El actual estado de cosas en México debido a la inestabilidad social provocada por el gasolinazo, comienza a tener efectos colaterales indeseados que permean como salitre en las paredes, poco a poco, dañando la estructura sin que nadie haga nada, creyendo que es absolutamente normal esa anormalidad. Y esto que contaré es producto de eso, de lo que pensamos es parte de nuestra idiosincrasia como mexicanos, pero antes quisiera detenerme en lo que el Papa Francisco dijo el miércoles 11 de enero.

Francisco acostumbra a las audiencias a la espontaneidad y diálogo franco suscitando explosiones de alegría y estruendosos aplausos aprobando sus palabras, en ocasiones, cargadas de denuncia. Durante la acostumbrada audiencia de los miércoles en el aula Paulo VI, habló de los ídolos del mundo que ofrecen falsas esperanzas y vacío, dinero, alianza con los potentes, mundanidad, falsas ideologías.

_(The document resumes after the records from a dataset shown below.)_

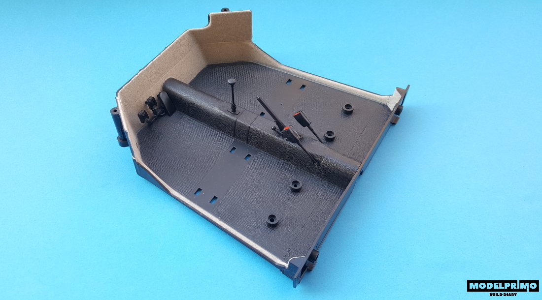 We start with the assembly of a set of pedals and then the handbrake levers with side elements and the gear stick.Finally, we screw on the seat belt buckles.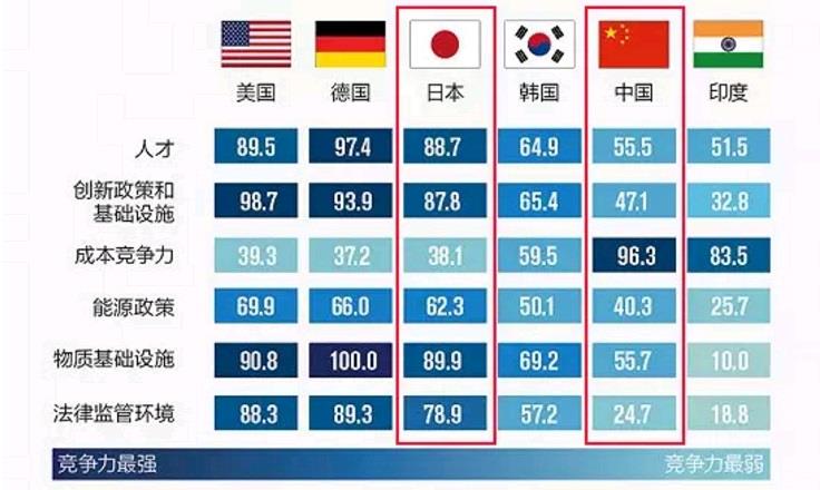 事实上,中国制造业的国际竞争力,很大程度上归功于人工和材料成本方面的优势。在人才、创新政策、基础设施等方面,中国与日本,差距仍然很大。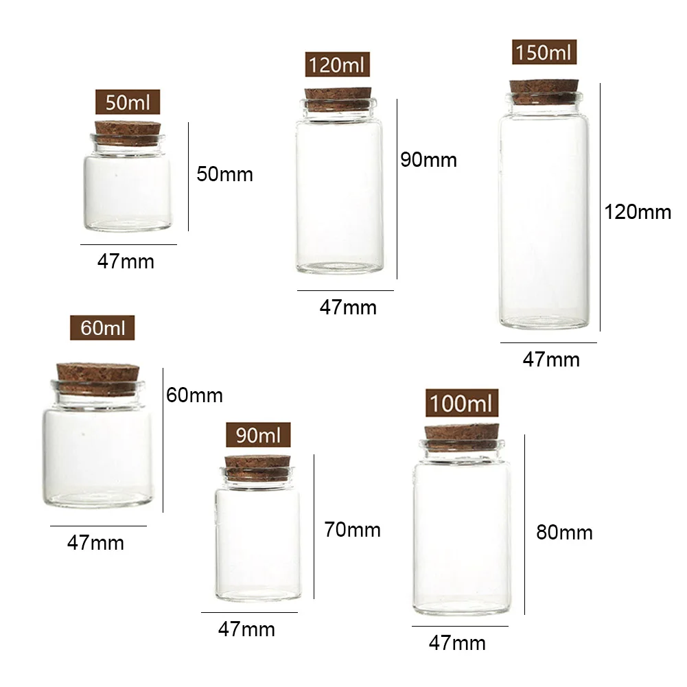 3 шт 50/60/90/100/120/150 мл прозрачная пробковая пробка стеклянные бутылки баночки-флаконы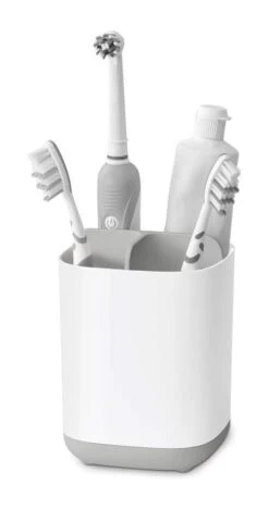 Joseph Joseph Easy-Store Large Toothbrush Caddy. Neat toothbrush caddies are divided into sections providing organised storage for a range of oral care items including manual/electric toothbrushes, toothpaste tubes and dental floss. They dismantle for easy cleaning and feature a ventilation hole for quick drying and non slip base.Â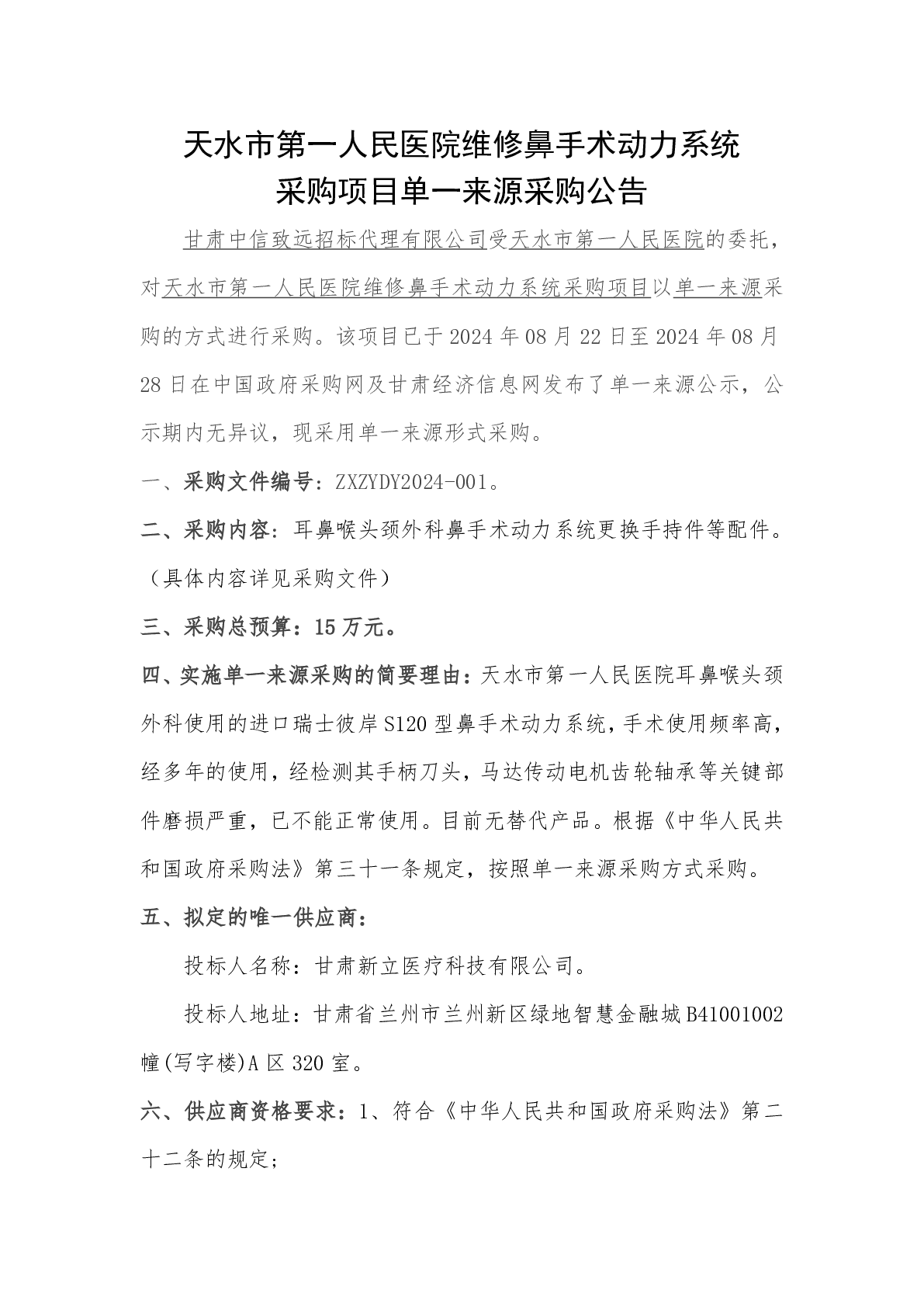 天水市第一人民醫(yī)院維修鼻手術(shù)動(dòng)力系統(tǒng)采購項(xiàng)目單一來源采購公告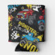 Abstract seamless Monster Car pattern on grunge shape cracked background with shabby dots and spray paint texture, ink. Childish style wheel auto repeated decor.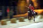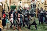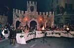 lungo le vie cittadine, rese ancora più spettacolari da scene e giochi di luci e fuochi; i cerimoniali medievali, ripristinati nella loro solennità originaria, quali i bandi di sfida, l’investitura dei cavalieri ed il loro giuramento di fedeltà al Rione per il quale gareggeranno;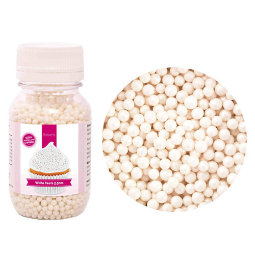 These edible pearls in pearlised white by Roberts Confectionery are great for decorating cakes, cupcakes and desserts. Edible pearls measures approximately 2mm - 3.5mm. Comes in a 115g bottle.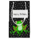 Cute green frog on black and white polka dot pattern with speech bubble for any age birthday.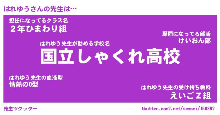 | ファンタジー風あだ名 | 『ハレフェル』『エターナルハレユウー』 |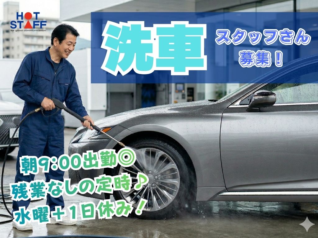 《運転業務ナシ・担当するのは洗車だけ★》未経験歓迎/朝9:00~/残業なしの定時/水曜+1日休み◎
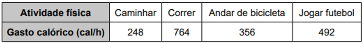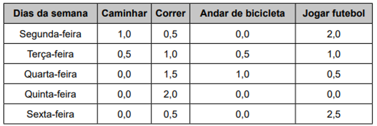 Uma pessoa pratica quatro atividades físicas — caminhar, correr, andar de bicicleta e jogar futebol — como parte de seu programa de emagrecimento. Essas atividades são praticadas semanalmente de acordo com o quadro, que apresenta o número de horas diárias por atividade.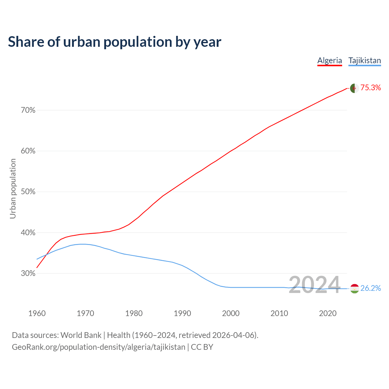 From 2004 to 2024, the share of urban population changed from 62.9% to 75.3% in Algeria and from 26.5% to 26.2% in Tajikistan.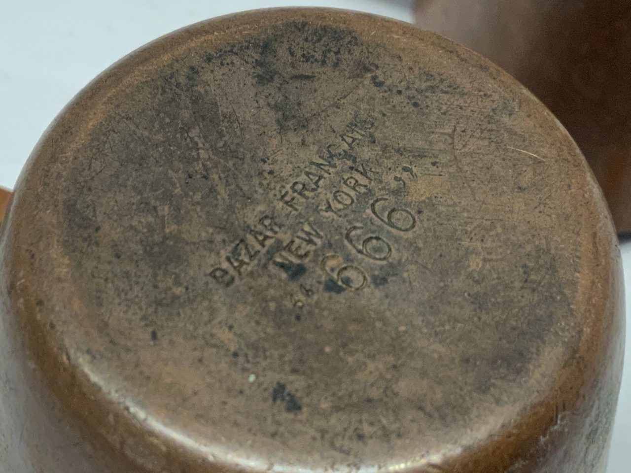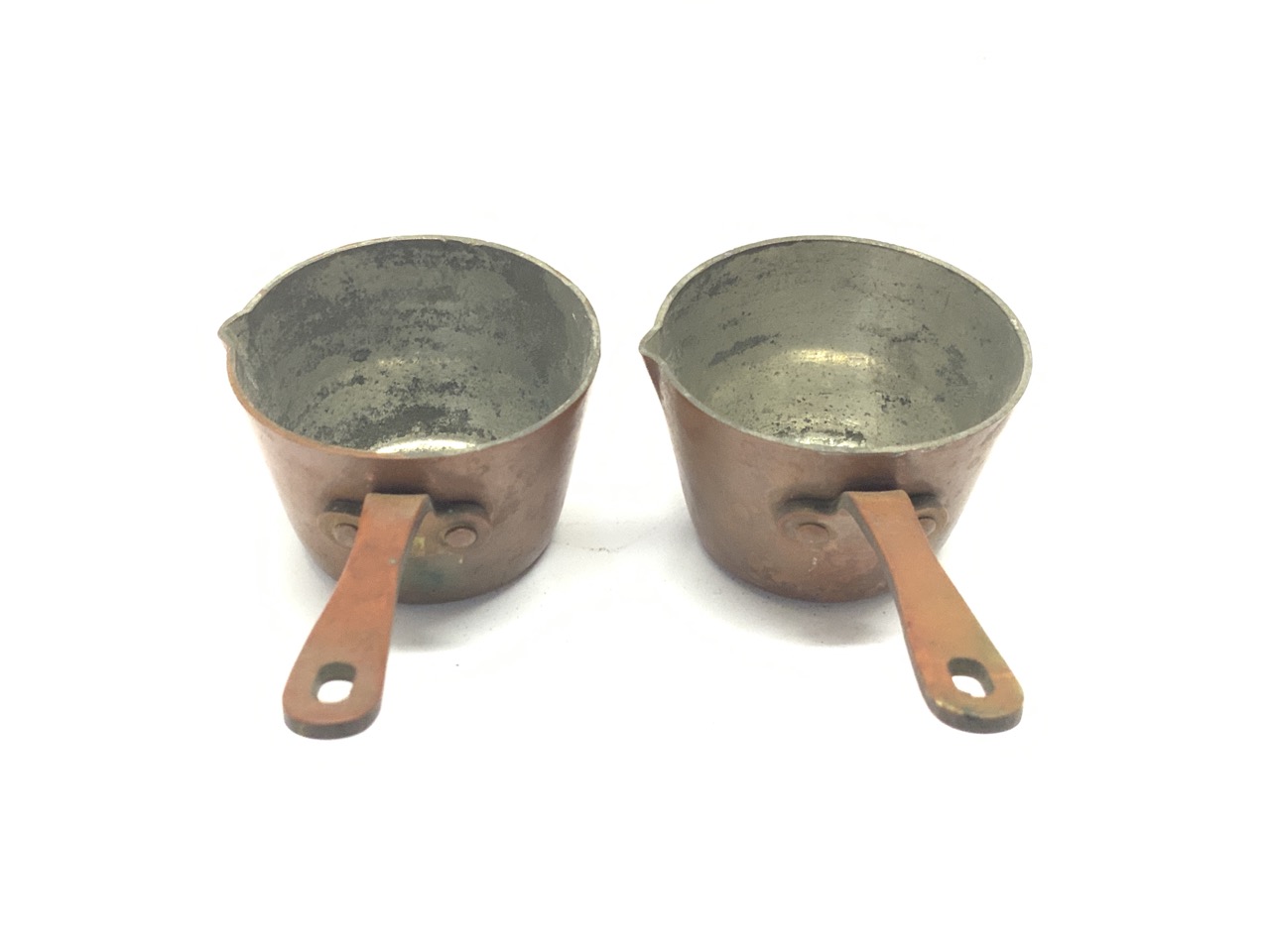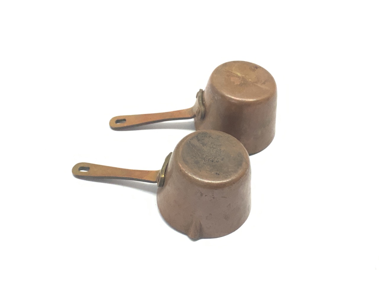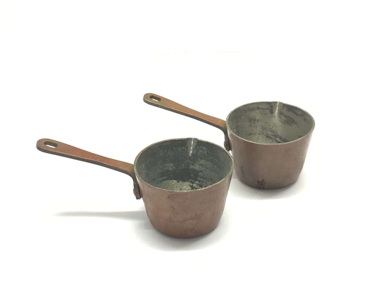 Two (2) small Bazaar Francais NY minute copper measures.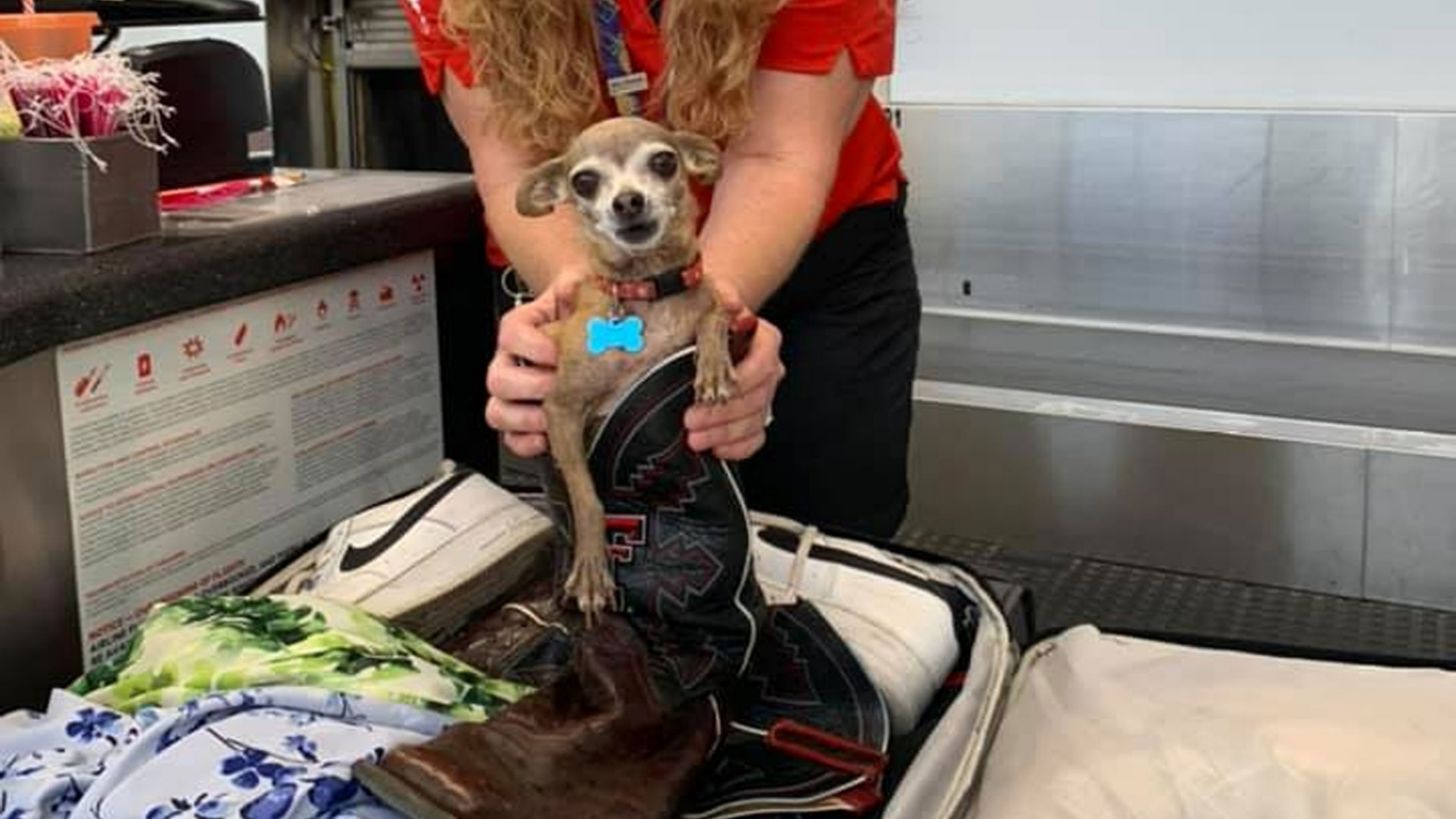 Sabes que va a ser un viaje épico a Las Vegas cuando llegas al aeropuerto, tus maletas pesan seis libras más y de ahí sale tu Chihuahua dentro de una bota", compartió el sorprendido dueño a través de Facebook.

La nota no la dio el discurso formal. Al final, Francisco advirtió de los vivales que venden los boletos de ingreso a las audiencias: “Este billete es totalmente gratuito’. No se debe pagar. Es una visita al Papa y es gratuita. Si alguien os pide dinero os está estafando… una visita al Papa en la casa de todos y no se paga. ¡Esas personas son delincuentes! ¡Eso no se hace! ¿Entendido?”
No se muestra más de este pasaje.